Actually I like the task...I find it has some kind of challenge... It tests how much you can handle these docs, how much you can be organized, knowing where a specific document can fit, and how you can make good procedures to organize the structure of such data.
Well, I guess It is a new kind of experience.

Friday, September 14, 2007

VISTA.....

As a new developer in the Bibliotheca Alexandrina, I should get a tour to VISTA(Virtual Immersive Science and Technology Applications). Bibliotheca Alexandrina is the first to provide researchers with such advanced visualization tools (in the middle east of course I mean). The VISTA is also known as CAVE (Computer Aided Virtual Environment).

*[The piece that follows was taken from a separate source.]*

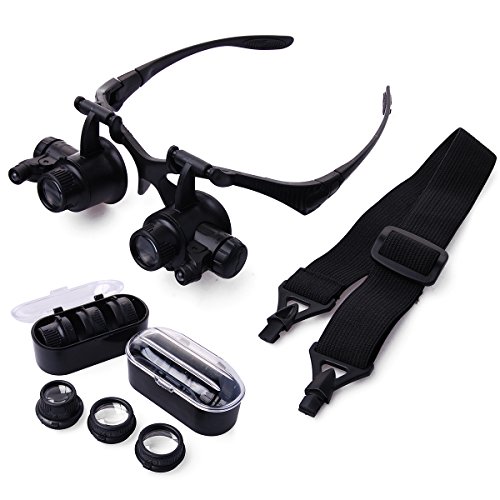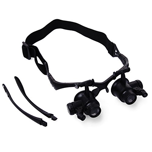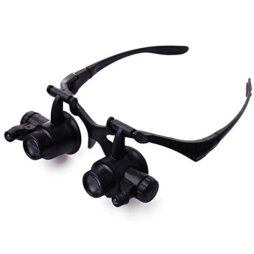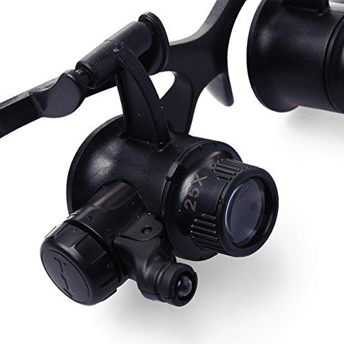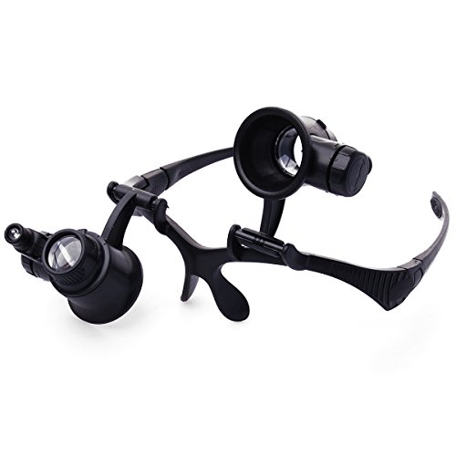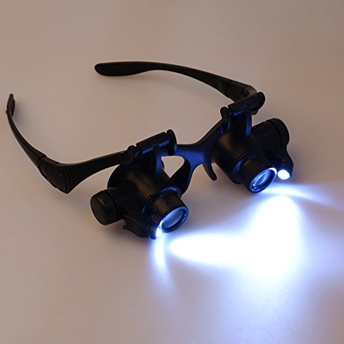 - 左&右ダブルアイパッチ拡大鏡/ルーペ 調整可能なLED付き。

It displays 3D stereoscopic images generated from a PC cluster, on four 10-ft × 10-ft vertical walls and the floor. The cluster is Five workstations linked together. The four projectors used in the VISTA render 1400 × 1050 pixels each and have a very bright light output rated at 7200 ANSI lumens. this can be very good for simulating real phenomenon. There are a lot of applications applied to Vista concerning Aero Dynamics, Chemistry, Medicine..etc.

One of the applications, which I see it quite impressive, is a 3d chart visualizer. It gives you a nice feeling that you are running on the axis, or between the points of the plot.

Actually, I have no pics for the VISTA.... but i can give you an approximation...
imagine the Gapminder in 3D effect.. That's wt u get when you use the VISTA_3dCharts.